Exercise 13 shows that the block diagonal matrix \({A_{22}}\) is invertible.

It is observed that \({A_{11}}\) is also invertible.The inverse of \({A_{11}}\) is shown below.

\(\begin{array}{c}{A_{11}} = \frac{1}{{ - 1}}\left[ {\begin{array}{*{20}{c}}5&{ - 2}\\{ - 3}&1\end{array}} \right]\\ = \left[ {\begin{array}{*{20}{c}}{ - 5}&2\\3&{ - 1}\end{array}} \right]\end{array}\)

From exercise 13,\(A\)itself is invertible, and the inverse of Ais block diagonal.
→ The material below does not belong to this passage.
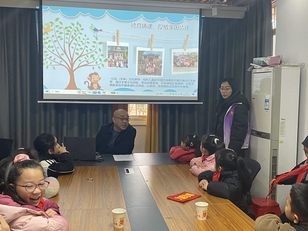 座谈会上,社区党支部书记通过PPT形式,带领大家沉浸式回顾了为期5天的“爱心蜀托”公益性假期托管服务。看着PPT上不断滚动播放的图片,少先队员们的思绪与话闸瞬间回到了过往的美好时段,社区支部书记也针对PPT中所展示的教孝台、宝梵壁画、中国红海等图片再次嵌入式的进行了一场生动的爱国、爱家及孝道传承宣讲教育。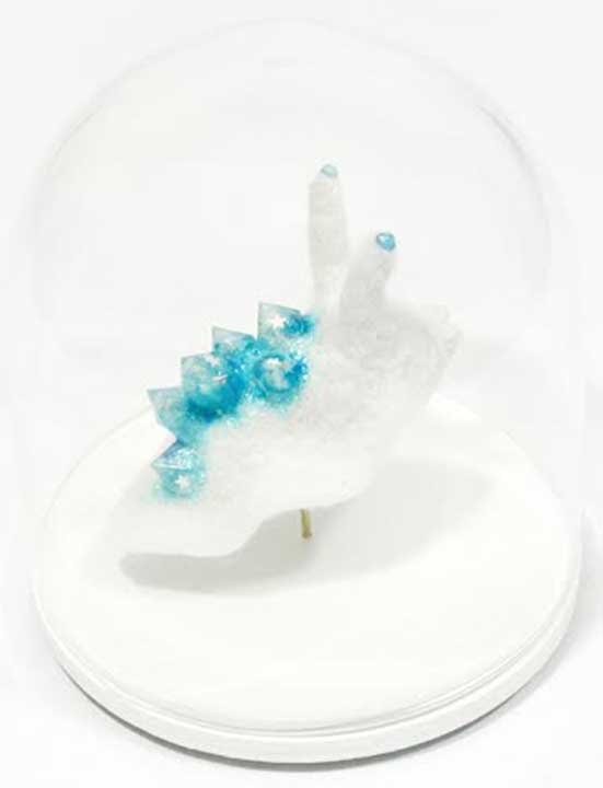 ZOE WILLIAMS “ウミウシ (Umiushi)” (3"x1.5"x2.5" in 4" custom glass dome) wool felt, resin, mixed media

\(\begin{gathered} {A^{ - 1}} = \left[ {\begin{array}{*{20}{c}} {A_{11}^{ - 1}}&0 \\ 0&{A_{22}^{ - 1}} \end{array}} \right] \\ = \left[ {\begin{array}{*{20}{c}}{ - 5}&2& & {}&{}&{} \\ 3&{ - 1}& & {}&{\begin{array}{*{20}{c}}0 \\ {} \end{array}}&{} \\ \hline{}&{}& & {.5}&0&0 \\ {}&{\begin{array}{*{20}{c}}0&{} \end{array}}& & 0&3&{ - 4} \\ {}&{}& & 0&{ - 2.5}&{3.5} \end{array}} \right] \\ = \left[ {\begin{array}{*{20}{c}} { - 5}&2&0&0&0 \\ 3&{ - 1}&0&0&0 \\ 0&0&{.5}&0&0 \\ 0&0&0&3&{ - 4} \\ 0&0&0&{ - 2.5}&{3.5} \end{array}} \right] \\ \end{gathered}\)

Thus, the inverse of Ais \({A^{ - 1}} = \left[ {\begin{array}{*{20}{c}}{ - 5}&2&0&0&0\\3&{ - 1}&0&0&0\\0&0&{.5}&0&0\\0&0&0&3&{ - 4}\\0&0&0&{ - 2.5}&{3.5}\end{array}} \right]\).